▶ Task item: This exercise calls for an exact copy of the listing, with no pictures kept.

▶ Information provided:

━━━━━━━━━━━━━━━━━━━━

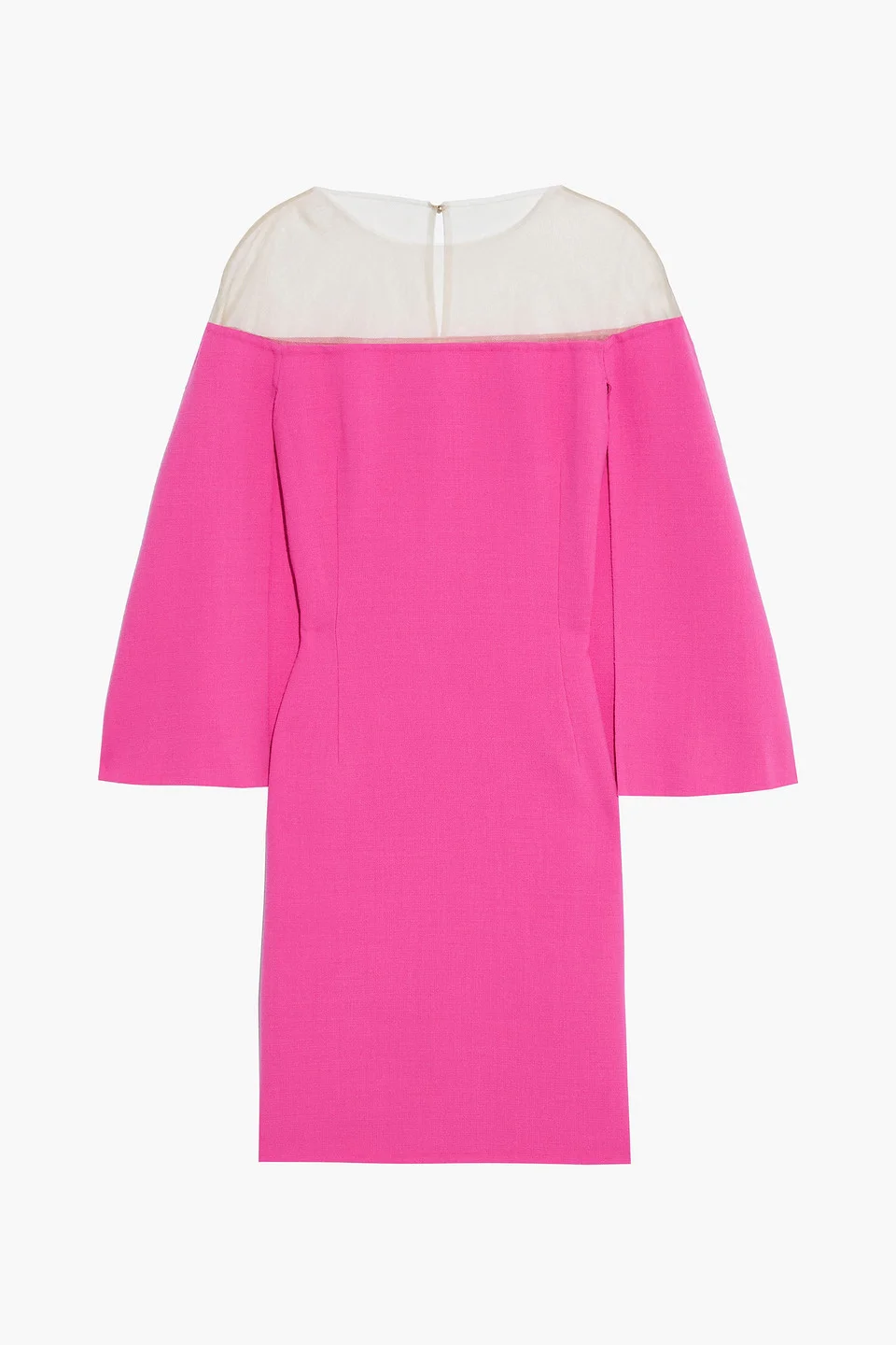 Cape-effect tulle-paneled wool-blend crepe mini dress
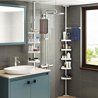 BUBM 浴室 突っ張り ラック 5段 コーナーラック お風呂 つっぱり棒 浴室収納 ラック 高さ135-250cm調整可能 風呂 つっぱり棒 伸縮棒 三角 バスラック ホワイト
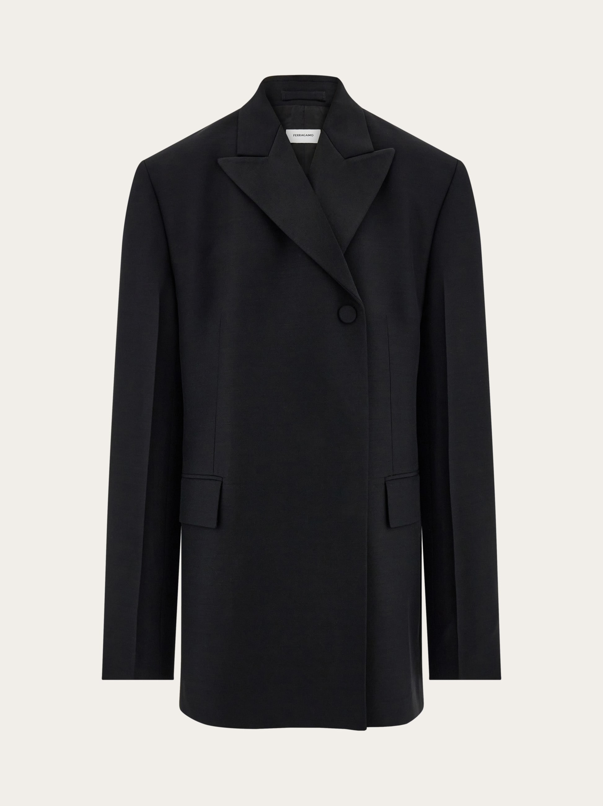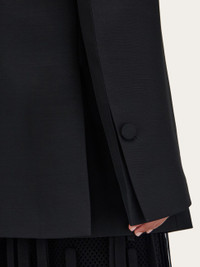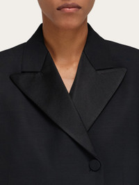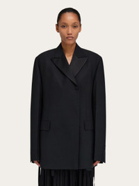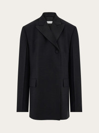 Ample volumes and a couture construction define the new interpretation of the tuxedo jacket by Maximilian Davis. The lapel neckline leads to a single visible button while the others remain hidden for a clean look. The oversized shoulders with pressed pleat and satin inserts on the lapel confirm a contemporary sophistication. - Composition: 73% viscose, 27% pure virgin wool - Made in ITALY - Product code: 13H685 788044

━━━━━━━━━━━━━━━━━━━━

▶ Exercise response:
 Cape-effect tulle-paneled wool-blend crepe mini dress
 BUBM 浴室 突っ張り ラック 5段 コーナーラック お風呂 つっぱり棒 浴室収納 ラック 高さ135-250cm調整可能 風呂 つっぱり棒 伸縮棒 三角 バスラック ホワイト
 Ample volumes and a couture construction define the new interpretation of the tuxedo jacket by Maximilian Davis. The lapel neckline leads to a single visible button while the others remain hidden for a clean look. The oversized shoulders with pressed pleat and satin inserts on the lapel confirm a contemporary sophistication. - Composition: 73% viscose, 27% pure virgin wool - Made in ITALY - Product code: 13H685 788044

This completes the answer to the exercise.